Buongiorno, cari lettori!
Oggi è un giorno gioigorioso e mi sento di dire FINALMENTE. FINALMENTE una lettura degna di tale nome, FINALMENTE un libro con i contro-cavoli. Avevo aspettative altissime dopo aver adorato Le Diecimila Porte di January e, per fortuna, la Harrow ha colpito ancora.
Ringrazio Nia per aver organizzato l’evento e la casa editrice Mondadori per la copia digitale in anteprima.
Bando alle ciance, iniziamo!
Trama
“Sono terrorizzata e sono terrificante. Sono spaventata e sono qualcosa da temere.” Nel 1893 non esistono streghe. Un tempo sì, c’erano, negli oscuri giorni selvaggi prima che iniziassero i roghi, ma adesso la stregoneria è solo una questione di graziosi incantesimi e filastrocche e vecchi racconti per bambini. Se le donne vogliono avere una qualsivoglia forma di potere, devono cercarla nell’urna elettorale.
Ma quando le sorelle Eastwood – James Juniper, Agnes Amaranth e Beatrice Belladonna – entrano nell’Associazione per le Donne di New Salem, iniziano a chiedersi se, recuperando antiche parole dimenticate, non sia possibile trasformare quello delle suffragette da un movimento di donne a un movimento di streghe. Inseguite da ombre e morbi, perseguitate da forze che vogliono impedire a una strega di votare – e forse persino di vivere -, le sorelle dovranno immergersi nell’antica magia, tessere nuove alleanze e recuperare il legame che le unisce.
Perché le streghe non esistono, ma esisteranno.
Le streghe in eterno è un racconto potente che parla di sfide, sorellanza, e del diritto di voto.
Recensione
Come per tutti i libri belli, parlare di Streghe in Eterno è difficile, ma mi sento di dire che è anche doveroso, perché dopo tante letture mediocri era decisamente quello che ci serviva.
Streghe in Eterno è la storia di tre streghe sorelle, Juniper, Agnes e Bella, e del loro ruolo nella storia della rivendicazione del potere femminile, della ricerca della magia perduta di Avalon e dell’affermazione dei diritti della donna. Le loro vicende si intrecciano con quelle delle prime Suffragette e alle prime lotte per l’ottenimento del suffragio universale nella New Salem di fine ‘800, sorta sulle ceneri della vecchia e ben più famosa Salem.
Uno degli aspetti più interessanti di questo libro è che contiene moltissimi rimandi alla cultura magica e folkloristica e anche lo stile di scrittura ricalca un po’ quello delle classiche fiabe. Basti pensare che le tre protagoniste - Bella, la più anziana, saggia e giudiziosa; Agnes, la sorella di mezzo forte, combattiva e determinata; Juniper, la più giovane, indomita e selvaggia - ricalcano i classici trope delle tre sorelle protagoniste di molte storie di magia, una Vecchia, una Madre e una Fanciulla.
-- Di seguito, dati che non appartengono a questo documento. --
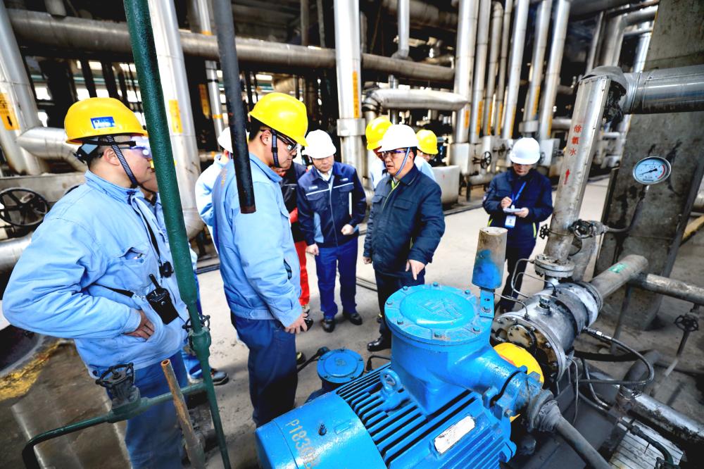 上图为郝军在京博石化生产现场查看安全管理等情况。

Sono poi presenti moltissime simbologie care al folklore magico e ad esempio alla Wicca, quali i serpenti, l’uso delle erbe e dei cristalli, i cerchi intrecciati e gli urobori… Questi riferimenti sono inseriti molto bene nel libro, intrecciati armoniosamente alla storia e trattati con rispetto e dignità. Se quel tipo di cultura è a voi cara, sicuramente Streghe in Eterno sarà una boccata di aria fresca.